Несколько позже введения губных изб были отменены должности наместников и волостелей и вместо них были созданы земские избы, во главе с земскими старостами,
[414]
избираемыми тяглым населением — крестьянами и посадскими людьми — из своей среды. На обязанности земских учреждений лежало управление своим посадом или волостью, суд по гражданским делам и, главное, сбор налогов.
Управление дворцовыми селами и волостями, разбросанными по всей территории государства, оставалось в стороне от этого процесса развития местного управления. В дворцовых селах и волостях удержались непосредственно подведомственные Большому дворцу дворцовые приказчики, которым на месте была предоставлена одновременно судебная и административная власть.

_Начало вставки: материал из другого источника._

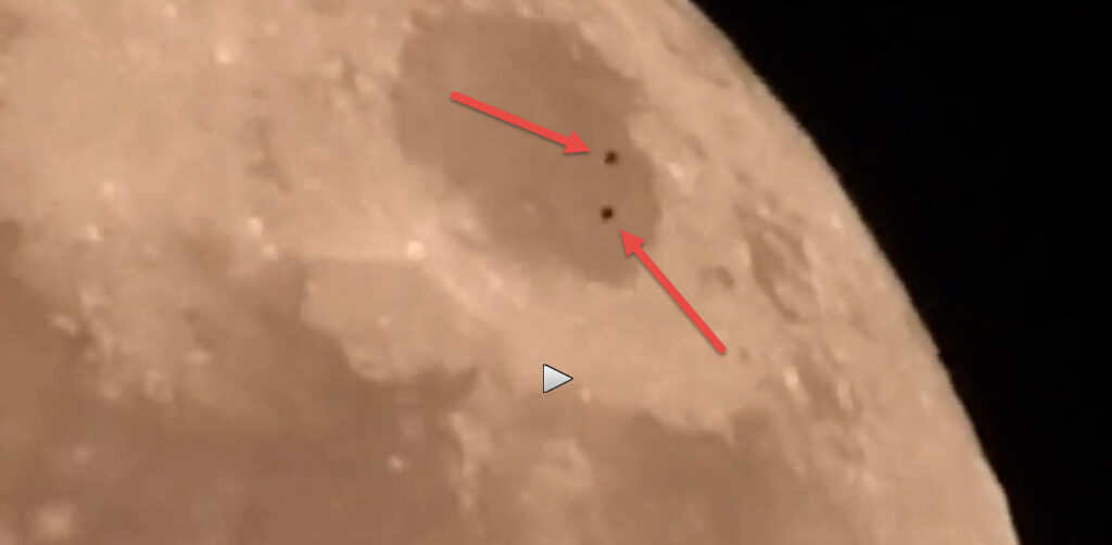 The following video was posted to LiveLeak, but a person just taking a video of the “Super Moon.” In the process of doing so, they captured either two objects, or one, casting a shadow on the lunar surface.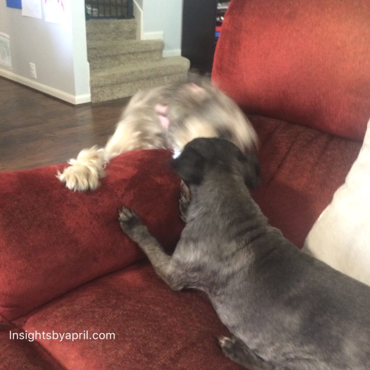 Miss Bean on many occasions would outsmart Cinder by not running in complete circles or getting to an angle that Cinder could not reach her. That just goes to show that Miss Bean’s mind is getting sharper and she is remembering some of the old tricks she used to pull when other dogs were around. It is just so funny to watch them play together and rough house. Miss Bean is quite fiesty these days, that or she is just a grumpy old lady haha.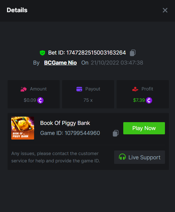 $1,500 Weekend Multiplier Battle Greetings players! We're pleased to announce a new weekend-long tournament with the Spinomenal provider. The tournament will take place from October 21 at 1:30 pm GMT until October 24, at 1:30 pm GMT. There are a total of 2 slots, in which the ranking is built based on the highest possible multipliers. The fun doesn't stop there, all eligible participants will be awarded and will enjoy their prizes shortly. Don't miss out on this thrilling battle! (More details below). Duration: 21/10/2022 1:30pm – 24/10/2022 1:30pm UTC Prize Pool: $1,500 Eligible Games: Play below games to participate in this event: Book of Piggy Bank Story of The Samurai - The Last Ronin The highest multiplier reached in each game will be added together and counted as total points. Bonus buys are allowed. If the player submits multiple winning entries for the same game, the entry with the highest multiplier will be valid. Minimum VIP Tier Must be VIP04 or higher in order to enter this event. Minimum Payout Minimum payout to qualify is 10x (in any game) for a valid entry. Minimum Bet Size Book of Piggy Bank - $0.10 Story of The Samurai - The Last Ronin - $0.25 Eligible Coins All cryptocurrencies are eligible (excepting JB, and BCL). Free Play Mode is not valid for this event. Prize Pool & Reward Breakdown The winners will win a share of the prize pool based on the detailed ranking below. All other participants who complete all minimum requirements will receive a 35% share of the prize pool. How to Enter Access the game to select your Bet ID, click on the Share icon (↷) and then Copy link. Return to the topic, paste the link in the field "Reply to this topic..." E.g.: https://bc.game/#/sd/10VI4C5YU35NV7 In the same post, upload a screenshot of your win by clicking the game ID WITH VIEW IN USD mode ENABLED (accessible at the bottom of dropdown menu for your wallet up top, and Submit Reply. Done! This way, we can ensure that your bet indeed met the minimum requirement at the time of placing it: https://bc.game/#/sd/10VI4C5YU35NV7 Additional Rules: Please combine all of your hits together in a SINGLE post. Edit your existing post for additional hits, don't create a new post. Each eligible entry must have the Bet Slip URL, failure to include it will disqualify participation in the event. Bet Slip image is not mandatory. Bets must be posted within 24 hours of placing bet in order to keep things fair for everyone. Bets must be made during the specified time window stated above. This thread will lock automatically when the time period is over. One (1) entry per household. Anyone found attempting to win multiple prizes will be disqualified from this challenge as well as all future challenges. Failure to follow instructions will result in your submission being null and void. By entering this challenge, you acknowledge that BC.Game has the final decision on results and placement. Payouts will be distributed after the event is finished. Please note that it could take anywhere between 24 hours to 7 days after the completion of the event.
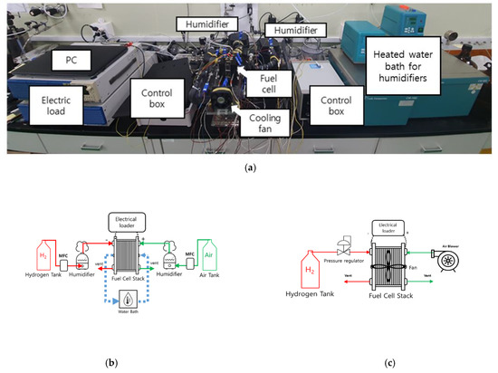 Figure 1a shows the operating system for the fuel cell’s performance test. The system comprised fuel supply, electrical and temperature control, and data acquisition and control parts. In the fuel supply part, hydrogen of 99.9% purity was supplied from the gas cylinder and air was supplied from the air compressor. For flow-through operation, a mass flow controller was installed to adjust the flow rate and, thereby, ensure that enough fuel was supplied to the load. An analog pressure regulator was installed at the front of the anode to maintain the fuel supply pressure at 0.5 bar for the dead-ended operation. A gas-to-liquid-type membrane humidifier was used, as necessary, as an external humidifier for gas humidification.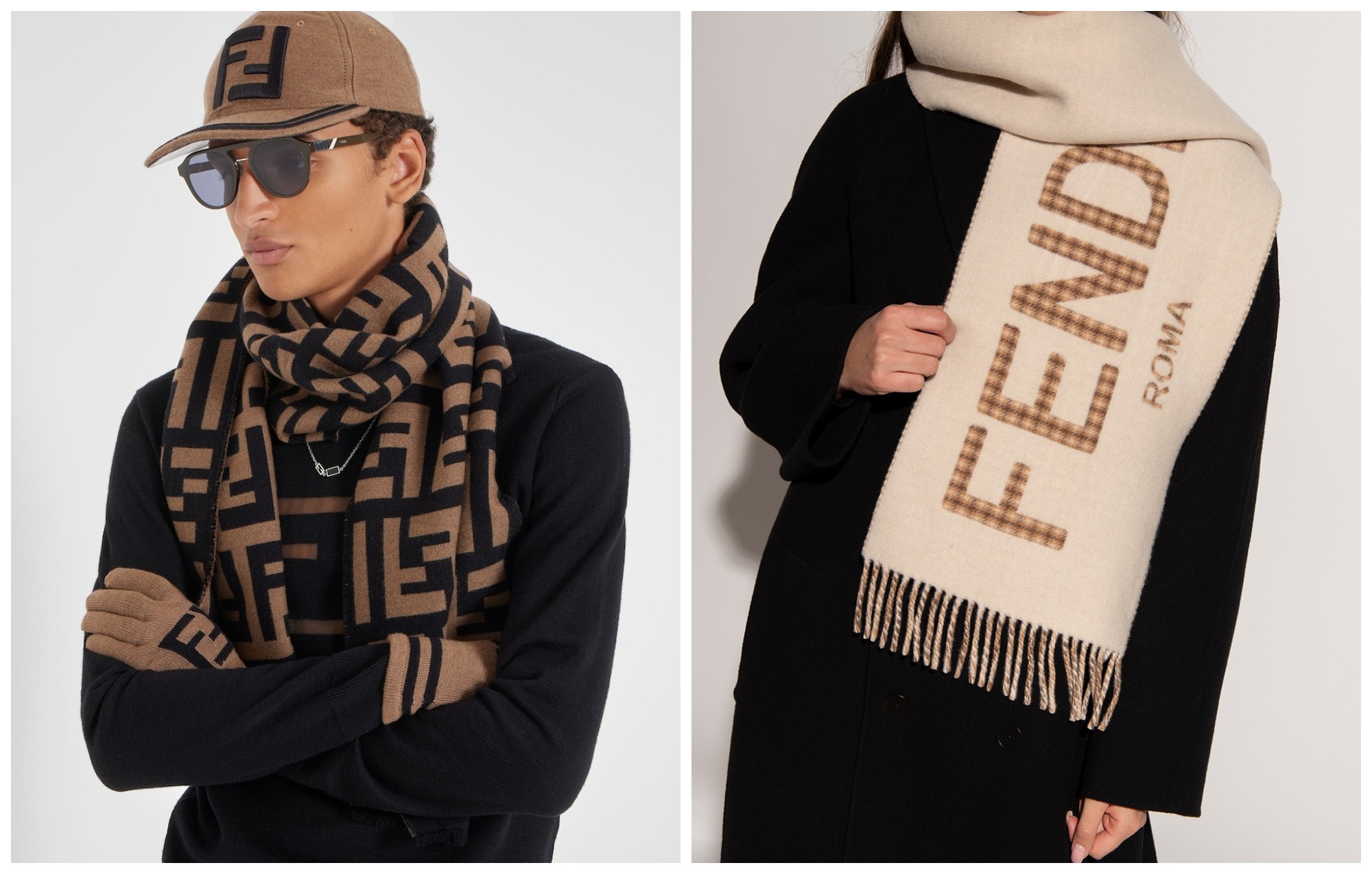 Nếu như đang cân nhắc về việc bỏ hàng nghìn USD cho một chiếc túi hiệu trong lần mua hàng đầu tiên, khăn choàng là gợi ý hoàn hảo cho bạn, trước khi bắt đầu công cuộc tìm hiểu chiếc túi Fendi ‘Baguette’. Sản xuất tại Ý, từng chiếc khăn choàng Fendi chinh phục phái đẹp bằng kiểu dáng phổ biến nhất kết hợp họa tiết FF đặc trưng. Không giống như Hermès, khăn Fendi chủ yếu thành hình từ hỗn hợp 95% len và 5% lụa, bên cạnh các tùy chọn lụa hữu cơ, hoặc lông chồn. Vị chủ nhân tương lai có thể phải bỏ ra số tiền từ 490 đến 2.500 USD cho một chiếc khăn Fendi. Thương hiệu thời trang cao cấp còn làm sống lại xu hướng ‘logomania’ thông qua dòng sản phẩm phụ kiện Fendi đầy đủ bao gồm áo poncho, mũ và khăn choàng cổ tương thích.

В начале XVII в. грозные события первой Крестьянской войны и польской и шведской интервенции разрушили и центральный, и местный аппарат власти. В обстановке бурных событий этого времени воеводское управление, возникшее еще во второй половине XVI в. и к концу столетия утвердившееся в пограничных городах, в начале XVII в. распространилось на всю территорию Русского государства. Сложилась система организации местной власти, просуществовавшая до преобразований первой четверти XVIII в. В первоначальном смысле слова воевода — военачальник, водитель полков. С начала XVII в. правительство стало объединять в руках военного командира все виды власти: и военную, и судебную, и административную. Такое объединение всех видов власти в одних руках вызывалось необходимостью борьбы с интервентами и их пособниками и обострившимися антифеодальными движениями угнетаемых народных масс.
Сказанное относится к старой территории Русского государства. На Нижнем Поволжье и [в] Сибири, в условиях освоения и колонизации новых районов, власть воеводы являлась первичной формой местного управления, во многом, однако, отличной от воеводского управления на старой территории государства.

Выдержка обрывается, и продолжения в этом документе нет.